Terminator: The Sarah Connor Chronicles
Music composed by Bear McCreary
Label: La-La Land Records
Catalog: LLLCD 1081

Year: 2008
Tracks:

1. Samson And Delilah - ‘Samson and Delilah’ (Shirley Manson)
2. “Terminator: The Sarah Connor Chronicles” Opening Title
3. Sarah Connor’s Theme - ‘Pilot’
4. Cromartie In The Hospital - ‘The Turk’
5. Andy Goode’s Turk - ‘Queen’s Gambit’
6. Central America - ‘Queen’s Gambit’
7. John And Riley - ‘Automatic for the People’
8. Derek Reese - ‘Queen’s Gambit’ and ‘The Demon Hand’
9. Ain’t We Famous - ‘Automatic for the People’ (BrEndAn’s Band)
10. Motorcycle Robot Chase - ‘Gnothi Seuton’ (Captain Ahab)
11. The Hand Of God - ‘The Demon Hand’
12. Prisoners Of War - ‘Dungeons & Dragons’
13. Miles Dyson’s Grave - ‘The Turk’
14. Atomic Al’s Merry Melody - ‘Automatic for the People’
15. The Reese Boys - ‘What He Beheld’
16. Removing Cameron’s Chip - ‘Vick’s Chip’
17. Ellison Spared - ‘What He Beheld’
18. I Love You - ‘Samson & Delilah’
19. Catherine Weaver - ‘Samson & Delilah’
20. Derek’s Mission - ‘Dungeons & Dragons’
21. There’s A Storm Coming - ‘Dungeons & Dragons’
22. Highway Battle - ‘Queen’s Gambit’
23. Perfect Creatures - ‘The Demon Hand’
24. “Terminator: The Sarah Connor Chronicles” End Credits


Total Time: 63:07
Rating:


Reviewed by
Tom Hoover

 
La-La Land Records presents Bear McCreary's score to the television series, "Terminator: The Sarah Connor Chronicles." With a running time at over an hour, this soundtrack provides a superb amount of representation of music from the series' first season. As is the case with some of McCreary's other scores, this soundtrack also offers song material (2 tracks) that was produced by the composer and/or his brother, with both cues fitting in nicely alongside the instrumentals. The sound quality of the entire soundtrack is quite sharp and the liner notes feature contributions from the production team on the series, including the producer, actor, and of course, from Bear himself. La-La Land continues to do a stellar job with each of their releases (you can tell they care about their product).

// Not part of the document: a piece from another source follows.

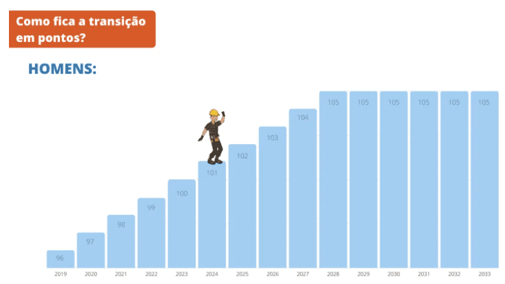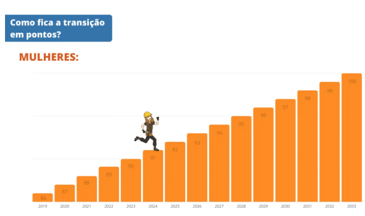 Nesse viés, vale salientar que a pontuação é composta pelo tempo de contribuição + a idade do segurado. Por exemplo, se um segurado possui 45 anos de idade e 30 anos de contribuição, sua pontuação será de 75 pontos.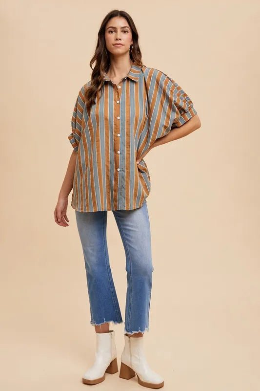Embrace effortless style with this oversized striped button-down shirt in warm rust and cool blue. Crafted from soft cotton, its short sleeves keep you comfy and breezy all day. Perfect for layering or wearing solo, this playful piece adds a splash of color and relaxed charm to any outfit.

I really enjoy Bear McCreary's style. He has introduced an original voice in the world of film and television music and what I enjoy most about his work is that the electronic tools he calls upon don't take away from the human drama that his music conveys. In "The Sarah Connor Chronicles," McCreary employs a small team of performers along with other resources such as drum kits, MIDI programming and more. When brought together, the result produces a rather innovative yet appealing sound. When dealing with McCreary, the production value of the music always seems to be off the charts.

The score for "Sarah Connor Chronicles" starts off strong, beginning with a catchy, somewhat edgy song entitled, "Samson and Delilah." I found this opening cue to be quite engaging (really dug the vocals) and felt that it setup the transition to the "Opening Titles" quite well. Though this "Opening Title" track won't bang the listener over the head with a metallic array of Terminator sounds from the film, the subtlety of it is what can be enjoyed. I always like it when the composer doesn't take the easy way out, which is what McCreary could have done here.

To continue with the impressive opening set of this album, the next track is devoted to the title character. Sarah Connor's theme from the "Pilot" episode is a well arranged, dramatic introduction to the character as she is seen in this series. The understated flow brings out a sentimental melody that stuck with me even after the soundtrack concluded. What I felt was most interesting about it was that there are echoes from the film resonating within the cue. especially with the closing chords. To add even further accolades about this motif, McCreary uses it throughout the different episodes in the series, thus connecting the show musically with the listener.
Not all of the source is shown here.